Hay un instante, apenas empieza a deslizarse el pincel, en que todo lo que rodea se desvanece. El reloj pierde su poder, las preocupaciones se acallan, el cuerpo se olvida del peso y la mente, por fin, deja de correr. Pintar, a veces, es eso: entrar en un estado donde el tiempo se estira, se suspende, se transforma.
En ese espacio íntimo donde solo existen los colores y el gesto, nos volvemos más presentes que nunca.
Es como si algo ancestral se activara, como si el alma encontrara en la pintura un modo de habitar el mundo con más profundidad. No importa si lo que sale es un rostro, una nube, un garabato, o una mancha sin forma: en ese momento, lo que cuenta no es el resultado, sino la vivencia.
Pintar es, muchas veces, una forma de meditar sin saberlo. De conectar con uno mismo sin necesidad de hablar. Cada trazo es una respiración, cada color una emoción que se materializa. Hay días en que lo que aparece en el lienzo no tiene explicación, y sin embargo se siente justo. Como si el cuerpo supiera antes que la mente.
Ese estado de concentración absoluta, de inmersión, es un refugio. Es una manera de estar con uno mismo sin juzgarse. En el taller, en la mesa, en un rincón improvisado con acuarelas o témperas, se crea un territorio sagrado. Un lugar al que solo se accede cuando nos permitimos soltar el control y dejarnos llevar por el hacer.

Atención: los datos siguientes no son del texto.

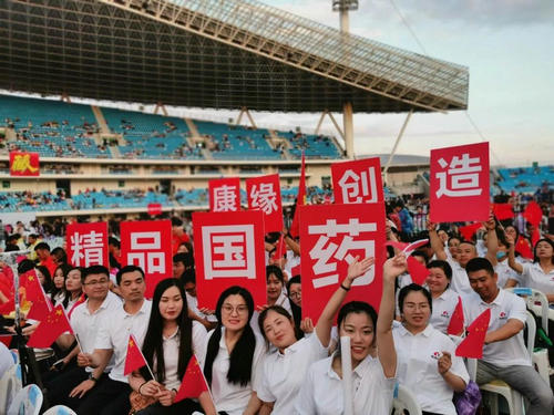 重温红色经典,是对新中国成立70周年取得的重大成就的致敬,连云港之夏群星演唱会特意安排了红歌串烧、现场拉歌等环节。由康缘药业职工代表统一着装组成的方阵,在全场聚光灯的聚焦下,尽情演唱《大中国》:我们都有一个家,名字叫中国……豪情万丈、雄浑激昂,观众的情怀也早已被康缘的热情点燃,用力挥舞着手中的荧光棒,现场气氛进入高潮,观众纷纷表示这是最燃的方阵。

Lo curioso es que, al salir de ese estado, algo en nosotros ha cambiado. Pintar nos aligera, nos ordena por dentro, nos permite procesar aquello que no sabíamos que nos habitaba. A veces entendemos algo de nosotros al mirar lo que pintamos. Otras, simplemente sentimos alivio. Como si ese tiempo detenido nos devolviera una versión más clara y más suave de nosotros mismos.
No hace falta ser experto para vivir esa experiencia. Solo hace falta entregarse. Dejarse llevar por el ritmo propio de la pintura, que no es el del afuera. En un mundo que apura, que exige resultados, que premia la velocidad, pintar es un acto de resistencia. Es decir: “ahora voy a ir lento, voy a mirar, voy a sentir”.
Y en esa lentitud, en esa atención, encontramos sentido. Pintar no siempre es buscar una imagen. A veces es buscar un silencio. Un modo de habitar el presente. Y en ese presente, sin darnos cuenta, somos más libres.